Create a big scale (i.e. a long line) on the floor with masking tape. Mark one end as 'Great' and the other as 'Bad'. Let participants stand on the scale according to their satisfaction with the last iteration. Ask people what they notice.
Psychologically, taking a stand physically is different from just saying something. It's more 'real'.
You can reuse the scale if you close with activity #44.
Collect events when team members felt mad, sad, or glad and find the sources Source:
Put up three posters labeled 'mad', 'sad', and 'glad' (or >:(, :(, :) alternatively). Team members write down one event per color coded card, when they've felt that way. When the time is up have everyone post their cards to the appropriate posters. Cluster the cards on each poster. Ask the group for cluster names. Debrief by asking:
What's standing out? What's unexpected?
What was difficult about this task? What was fun?
What patterns do you see? What do they mean for you as a team?
Each team member explores one topic in depth in a series of 1:1 talks Source:
Each participant writes down one topic they want to explore, i.e. something they'd like to change. Then form pairs and spread across the room. Each pair discusses both topics and ponders possible actions - 5 minutes per participant (topic) - one after the other. After 10 minutes the pairs break up to form new pairs. Continue until everyone has talked to everyone else. If the group has an odd number of members, the facilitator is part of a pair but the partner gets all 10 minutes for their topic.
Asking and answering go around the team circle - an excellent way to reach consensus Source:
Everyone sits in a circle. Begin by stating that you'll go round asking questions to find out what you want to do as a group. You start by asking your neighbor the first question, e.g. 'What is the most important thing we should start in the next iteration?' Your neighbor answers and asks her neighbor a related question.
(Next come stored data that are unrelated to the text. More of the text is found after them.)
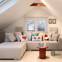 Чтобы эффективно и элегантно осветить мансарду, дизайнер выбрал функциональные и практичные светильники-прожекторы Reflector и встраиваемые светильники Mortise. Для того, чтобы сделать путь на мансарду более безопасным, эти функциональные светильники разместили над лестницей. Благодаря встроенному LED-модулю, они наполняют помещение ярким светом, а белый корпус помогает им не притягивать к себе излишнее внимание.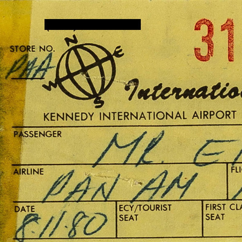 Joe's duty-free shop ticket from International Shoppes, Inc., Kennedy Airport, New York, 11 August 1980. Def Leppard was en route back to London after the band’s first tour to the United States. From the Collection of Joe Elliott.
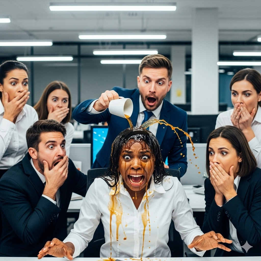 Avant qu’Angela puisse répondre, Dan, pris de rage, inclina sa tasse et versa du café brûlant sur son chemisier blanc. Des exclamations de surprise emplirent la salle de pause tandis que les employés restaient figés, incrédules.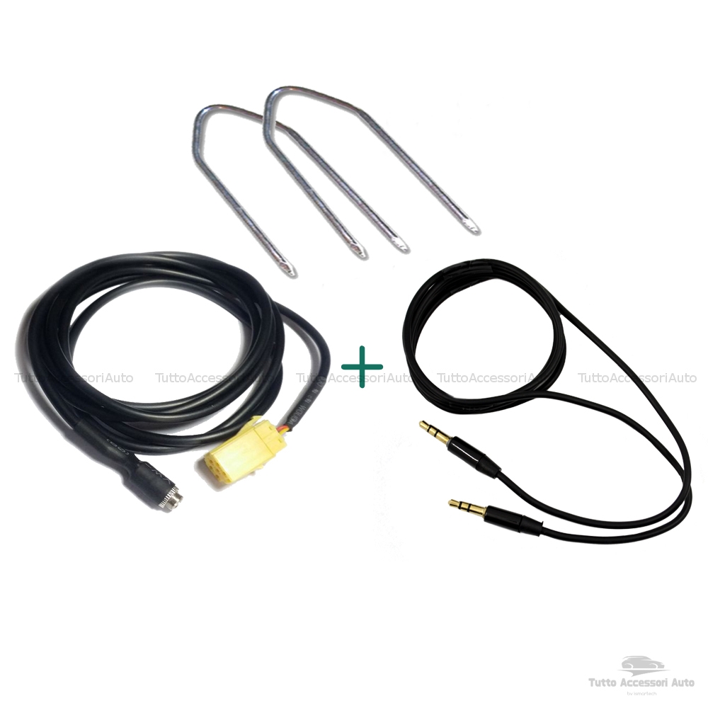 CONTENUTO DELLA CONFEZIONE n.1 cavo aux (lunghezza 150 cm) con jack femmina n.1 cavo audio rivestito in gomma (nero) (lunghezza 120 cm); n.1 kit con due chiavette per la rimozione della radio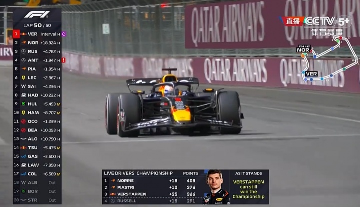 48/50:诺里斯一圈掉了2.3秒,维斯塔潘领先优势10秒。最终,维斯塔潘夺冠!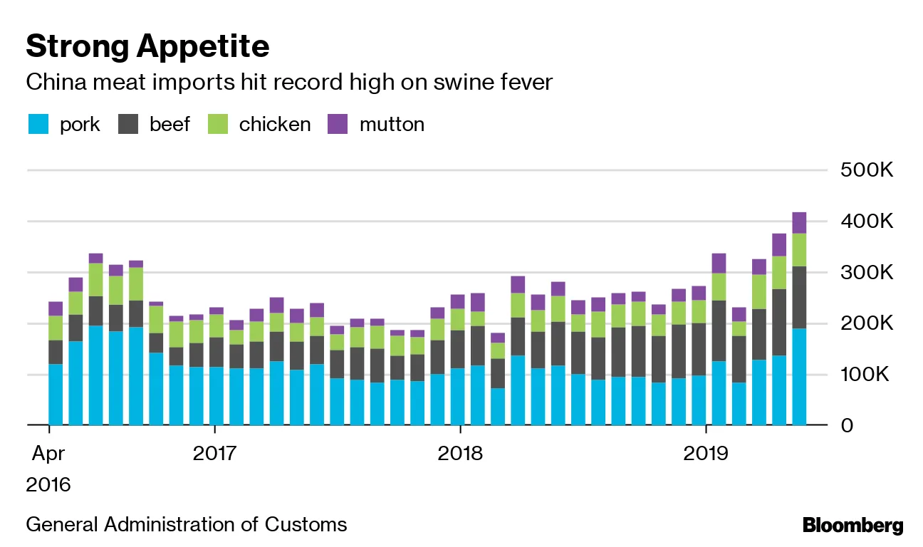 中国在5月进口了创纪录的肉类,以期减轻非洲猪瘟的影响,因为国内猪肉价格反弹。根据官方数据,全球最大的猪肉消费国在5月购买了556,276吨肉类和内脏,比去年同期增长约45%。这使得前五个月的总进口量达到220万吨,比去年增长23%。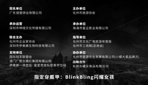 本盛典由广东丽登饼业有限公司冠名,化州市文化广电旅游体育局与化州市工商联 (总商会)指导,化州市旅游协会与化州市企业家协会联合主办,化州市壹源农业发展有限公司(小橘大爱品牌方)协办,深圳市坤煊文化传媒有限公司、珠海市星企影业有限公司承办,战略合作单位:化州市橘安食品有限公司、澳门广慈化橘红集体有限公司支持单位共同开展本次活动。

Stop when consensus emerges or the time is up. Go around at least once, so that everybody is heard!
A good debriefing deepens understanding, learning and sharing. Preparation: Download and assemble the Debriefing Cube and cards.
During the retrospective, roll the cube. Then draw a card from the category it shows and use it to prompt a discussion. Repeat as time permits.
This will broaden your debriefing options and is especially great for groups without a facilitator to enable them to effectively debrief on their own.